The same error can be reproduced with level 4 on MacOS workers too (level 2 works):

Jan 14, 2021 1:40:19 PM build.buildfarm.server.ByteStreamService queryWriteStatus
SEVERE: queryWriteStatus(uploads/fe10a9e9-e13d-4566-838a-78d7852bd1d9/blobs/32aa7ac908dee1217fdb5f791ac457c6ecbfedfe7ae4f879b2364463ff72d864/716576)
java.lang.StringIndexOutOfBoundsException: begin 4, end 2, length 71
        at java.base/java.lang.String.checkBoundsBeginEnd(String.java:3319)
        at java.base/java.lang.String.substring(String.java:1874)
        at build.buildfarm.cas.cfc.HexBucketEntryPathStrategy.getPath(HexBucketEntryPathStrategy.java:34)
        at build.buildfarm.cas.cfc.CASFileCache.getPath(CASFileCache.java:1704)
        at build.buildfarm.cas.cfc.CASFileCache$5.getCommittedSizeFromOutOrDisk(CASFileCache.java:1024)
        at build.buildfarm.cas.cfc.CASFileCache$5.getCommittedSize(CASFileCache.java:1011)
        at build.buildfarm.server.ByteStreamService.queryWriteStatus(ByteStreamService.java:356)
        at com.google.bytestream.ByteStreamGrpc$MethodHandlers.invoke(ByteStreamGrpc.java:337)
        at io.grpc.stub.ServerCalls$UnaryServerCallHandler$UnaryServerCallListener.onHalfClose(ServerCalls.java:180)
        at io.grpc.internal.ServerCallImpl$ServerStreamListenerImpl.halfClosed(ServerCallImpl.java:331)
        at io.grpc.internal.ServerImpl$JumpToApplicationThreadServerStreamListener$1HalfClosed.runInContext(ServerImpl.java:817)
        at io.grpc.internal.ContextRunnable.run(ContextRunnable.java:37)
        at io.grpc.internal.SerializingExecutor.run(SerializingExecutor.java:123)
        at java.base/java.util.concurrent.ThreadPoolExecutor.runWorker(ThreadPoolExecutor.java:1128)
        at java.base/java.util.concurrent.ThreadPoolExecutor$Worker.run(ThreadPoolExecutor.java:628)
        at java.base/java.lang.Thread.run(Thread.java:834)
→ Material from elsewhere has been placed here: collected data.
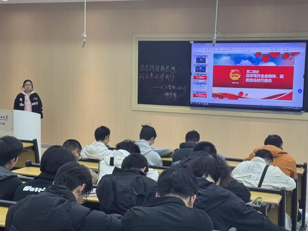 人工智能12403班,团支书主持开展班团会,学习省委书记王忠林省委常委会(扩大)会议上的讲话王忠林要求迅速掀起学习党的二十届四中全会精神热潮,推动全会精神在湖北不折不扣落地生根,他还主持研究推进省属高校“双一流”建设,要求全力推动“双一流”建设实现突破,更好服务国家战略和支点建设广大知识分子和青年学生应深入学习贯彻党的二十届四中全会精神团员青年作为国家的栋梁与未来,要自觉学习宣传贯彻党的二十届四中全会精神,增强奋进新征程、建功新时代的思想自觉与行动自觉。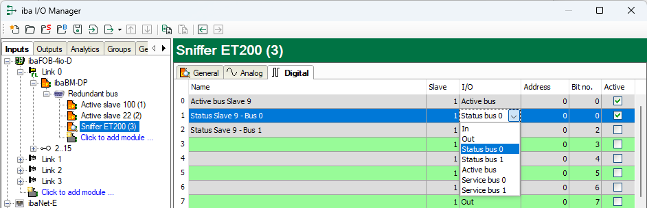 The additional I/O type "Active bus" for the digital signals provides you with information about the bus via which the signals of a specific slave are currently being recorded by ibaBM-DP.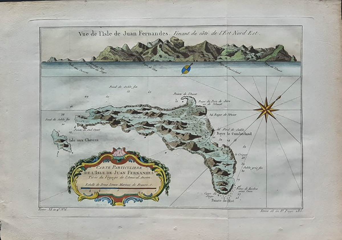 Bella carta nautica ritraente le isole di Juan Fernandes, colorata, marginosa e in perfetto stato di conservazione.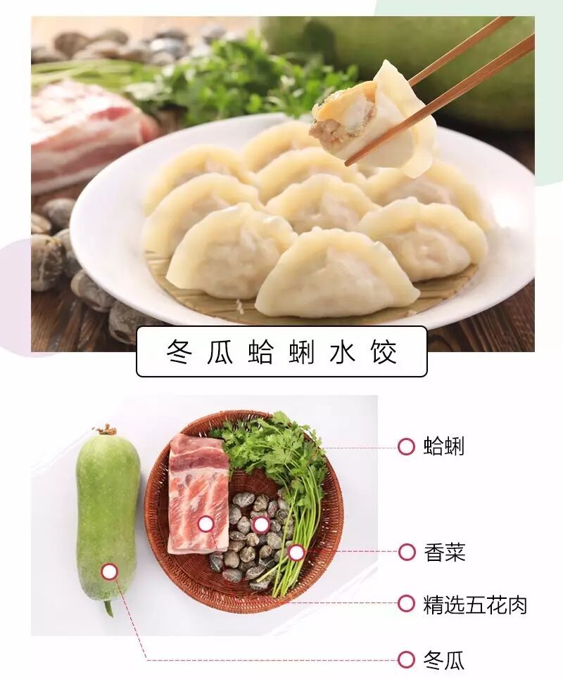 应季的野生蛤蜊,每一只都更加肥美饱满,包入饺子内更能锁住细嫩的肉质与多汁的口感。清新软糯的冬瓜吸满了蛤蜊鲜甜的汁水,每一口都鲜美多汁,留有回甘。

With a value of 3 the process takes just too long to start. Do we need so many empty folders?

werkt commented 3 years ago

I saw 0-4 mentioned on: #568 (comment)

The same error can be reproduced with level 4 on MacOS workers too (level 2 works):

Jan 14, 2021 1:40:19 PM build.buildfarm.server.ByteStreamService queryWriteStatus
SEVERE: queryWriteStatus(uploads/fe10a9e9-e13d-4566-838a-78d7852bd1d9/blobs/32aa7ac908dee1217fdb5f791ac457c6ecbfedfe7ae4f879b2364463ff72d864/716576)
java.lang.StringIndexOutOfBoundsException: begin 4, end 2, length 71
        at java.base/java.lang.String.checkBoundsBeginEnd(String.java:3319)
        at java.base/java.lang.String.substring(String.java:1874)
        at build.buildfarm.cas.cfc.HexBucketEntryPathStrategy.getPath(HexBucketEntryPathStrategy.java:34)
        at build.buildfarm.cas.cfc.CASFileCache.getPath(CASFileCache.java:1704)
        at build.buildfarm.cas.cfc.CASFileCache$5.getCommittedSizeFromOutOrDisk(CASFileCache.java:1024)
        at build.buildfarm.cas.cfc.CASFileCache$5.getCommittedSize(CASFileCache.java:1011)
        at build.buildfarm.server.ByteStreamService.queryWriteStatus(ByteStreamService.java:356)
        at com.google.bytestream.ByteStreamGrpc$MethodHandlers.invoke(ByteStreamGrpc.java:337)
        at io.grpc.stub.ServerCalls$UnaryServerCallHandler$UnaryServerCallListener.onHalfClose(ServerCalls.java:180)
        at io.grpc.internal.ServerCallImpl$ServerStreamListenerImpl.halfClosed(ServerCallImpl.java:331)
        at io.grpc.internal.ServerImpl$JumpToApplicationThreadServerStreamListener$1HalfClosed.runInContext(ServerImpl.java:817)
        at io.grpc.internal.ContextRunnable.run(ContextRunnable.java:37)
        at io.grpc.internal.SerializingExecutor.run(SerializingExecutor.java:123)
        at java.base/java.util.concurrent.ThreadPoolExecutor.runWorker(ThreadPoolExecutor.java:1128)
        at java.base/java.util.concurrent.ThreadPoolExecutor$Worker.run(ThreadPoolExecutor.java:628)
        at java.base/java.lang.Thread.run(Thread.java:834)

With a value of 3 the process takes just too long to start. Do we need so many empty folders?

Definitely not. I might limit it to a level of 2. In reality, getting 100million entries into a cas is quite a challenge, especially performance-wise, and there is no benefit to reducing blob-containing directories by a factor of 4 billion or even 16 million.

Making the directories a priority was just easier than chaining them on writes or handling missing directories for lookup

thna123459 commented 3 years ago

Ok. We measured a 15 minutes first startup time on MacOS with level 3.